[Source records]

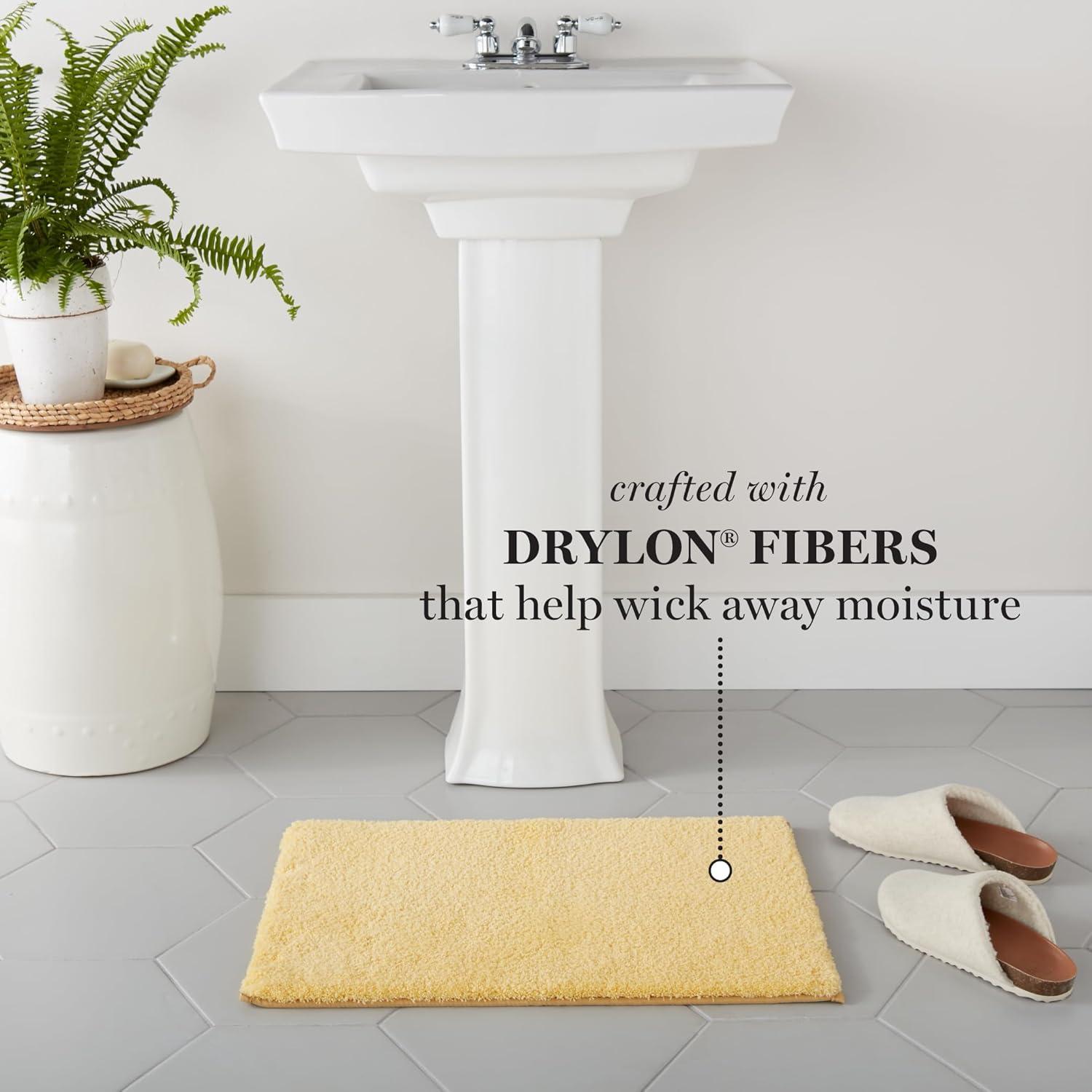 MARTHA STEWART Drylon Microfiber Bath Rug – 1 Piece, Ultra Soft Plush, Non-Slip, Thick, Washable Bathroom Rugs, Home Decor Accessories, Household Essentials, Large Bath Mat, 21″ x 34″, Navy Blue(Yellow)
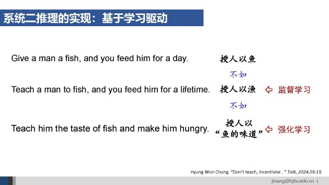 主要有监督学习和强化学习两种学习路线。监督学习类似师傅手把手教徒弟,像是大学之前的通识教育,提供标准解法和完整步骤。
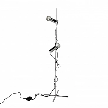 Lampada da terra Targetti in metallo e alluminio cromato, anni '80, con punti luce a posizione regolabile mediante scorrimento sullo stelo e ad inclinazione regolabile.
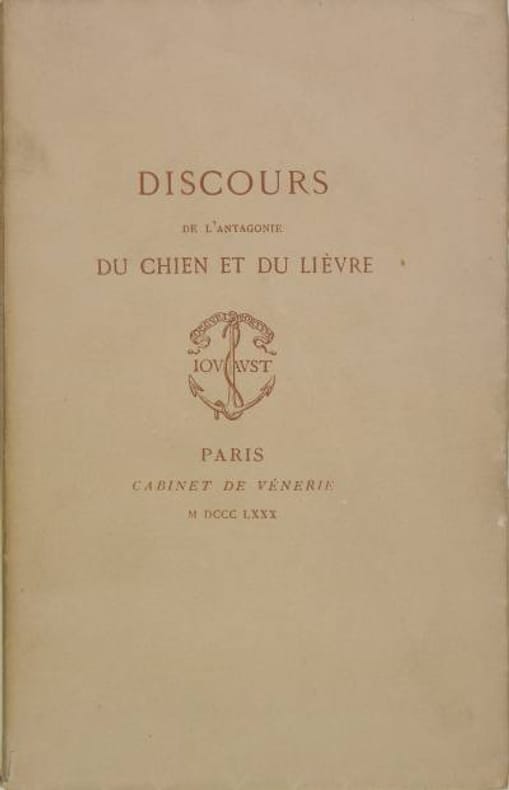 Paris, Librairie des Bibliophiles, 1880, volume I du “ Cabinet de Vénerie “. In/12 broché, couverture imprimée et rempliée, 2 ff. n. ch., XXIV p., 83 pages. Tirage limité à 300 exemplaires numérotés, celui-ci sur papier de Hollande.
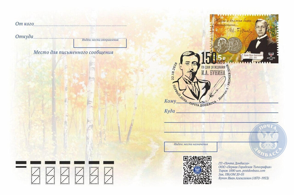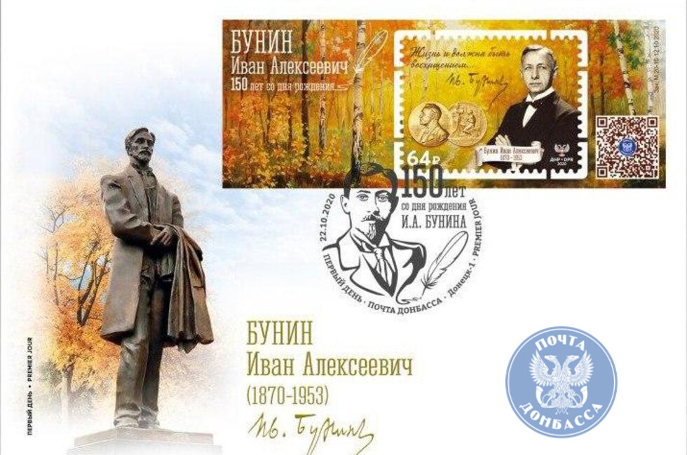 «Государственное предприятие «Почта Донбасса» вводит в обращение почтовый блок, конверт первого дня, маркированную карточку и специальный почтовый штемпель первого дня и посвящает их юбилею Ивана Бунина», – сказано в сообщении.
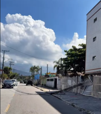 Um caminhão de carga provocou a queda de um poste sobre o portão de um edifício em Praia Grande, na manhã desta terça-feira (14). o incidente não deixou feridos.
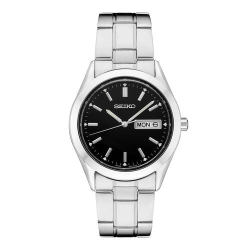 Relógio masculino SEIKO SUR361 — Essentials — com mostrador preto, calendário de dia/data, ponteiros e marcadores LumiBrite, estojo e pulseira de aço inoxidável e 100 m resistente à água
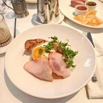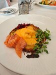 🗓23.10.2025 Гранд-кафе «Dr. Живаго» — это модный и стильный ресторан на первом этаже легендарного отеля Националь. Концепция современной русской кухни. Завтраки проходят до 12ч, мы пришли в будний день и легко нашли место. Цена/качество — 5/5 Что взяли ? • гранд драник с лососем 950₽ — 5/5 🔥 • омлет с томатами и сулугуни 550₽ — 5/5 • слабосоленый лосось 690₽ — 5/5 • блины к икре 220₽ — 5/5 • пирожок на зубок с мясом 90₽ — 5/5 • пирожок на зубок с грибами 90₽ — 5/5 • чай таёжный с шиповником 590₽ — 5/5 Подробнее 👇 гранд драник с лососем - офигенный, мягкий картофельный драник с кусочками свежего лосося, яйцом голандез и карамелизированной брусники, которая идеально дополняет блюдо. Взял бы еще раз. Омлет с томатами + отдельно порция лосося 50гр. Нежный плотный омлет из трех яиц с помидорами и сулугуни. Просто, понятно и вкусно. Слабосоленый лосось хорош. Пирожки на зубок с мясом и грибами смело берем. Маленькие, несухие и нежные. Блинчики и оладушки для икры (без самой икры) приятные. хорошо подхожят для рыбки и икры. Осталось очень приятное впечатление от похода. Ничего необычного и восхитительного не было. Но каждая позиция приготовлена очень хорошо и проверена временем. Именно то, чего и ожидаешь, читая состав. Завтраки Рекомендосьен. P.s. За вид отдельный жирный лайк 👍 P.s.s. Очень демократичные цены относительно расположения и сервиса, который предоставляет ресторан.

- [WORK TO COMPLETE]:
An exact restatement of the entries above is needed; no picture may appear in it.

- [SOLUTION FOR THIS TASK]:
 MARTHA STEWART Drylon Microfiber Bath Rug – 1 Piece, Ultra Soft Plush, Non-Slip, Thick, Washable Bathroom Rugs, Home Decor Accessories, Household Essentials, Large Bath Mat, 21″ x 34″, Navy Blue(Yellow)
 主要有监督学习和强化学习两种学习路线。监督学习类似师傅手把手教徒弟,像是大学之前的通识教育,提供标准解法和完整步骤。
 Lampada da terra Targetti in metallo e alluminio cromato, anni '80, con punti luce a posizione regolabile mediante scorrimento sullo stelo e ad inclinazione regolabile.
 Paris, Librairie des Bibliophiles, 1880, volume I du “ Cabinet de Vénerie “. In/12 broché, couverture imprimée et rempliée, 2 ff. n. ch., XXIV p., 83 pages. Tirage limité à 300 exemplaires numérotés, celui-ci sur papier de Hollande.
 «Государственное предприятие «Почта Донбасса» вводит в обращение почтовый блок, конверт первого дня, маркированную карточку и специальный почтовый штемпель первого дня и посвящает их юбилею Ивана Бунина», – сказано в сообщении.
 Um caminhão de carga provocou a queda de um poste sobre o portão de um edifício em Praia Grande, na manhã desta terça-feira (14). o incidente não deixou feridos.
 Relógio masculino SEIKO SUR361 — Essentials — com mostrador preto, calendário de dia/data, ponteiros e marcadores LumiBrite, estojo e pulseira de aço inoxidável e 100 m resistente à água
 🗓23.10.2025 Гранд-кафе «Dr. Живаго» — это модный и стильный ресторан на первом этаже легендарного отеля Националь. Концепция современной русской кухни. Завтраки проходят до 12ч, мы пришли в будний день и легко нашли место. Цена/качество — 5/5 Что взяли ? • гранд драник с лососем 950₽ — 5/5 🔥 • омлет с томатами и сулугуни 550₽ — 5/5 • слабосоленый лосось 690₽ — 5/5 • блины к икре 220₽ — 5/5 • пирожок на зубок с мясом 90₽ — 5/5 • пирожок на зубок с грибами 90₽ — 5/5 • чай таёжный с шиповником 590₽ — 5/5 Подробнее 👇 гранд драник с лососем - офигенный, мягкий картофельный драник с кусочками свежего лосося, яйцом голандез и карамелизированной брусники, которая идеально дополняет блюдо. Взял бы еще раз. Омлет с томатами + отдельно порция лосося 50гр. Нежный плотный омлет из трех яиц с помидорами и сулугуни. Просто, понятно и вкусно. Слабосоленый лосось хорош. Пирожки на зубок с мясом и грибами смело берем. Маленькие, несухие и нежные. Блинчики и оладушки для икры (без самой икры) приятные. хорошо подхожят для рыбки и икры. Осталось очень приятное впечатление от похода. Ничего необычного и восхитительного не было. Но каждая позиция приготовлена очень хорошо и проверена временем. Именно то, чего и ожидаешь, читая состав. Завтраки Рекомендосьен. P.s. За вид отдельный жирный лайк 👍 P.s.s. Очень демократичные цены относительно расположения и сервиса, который предоставляет ресторан.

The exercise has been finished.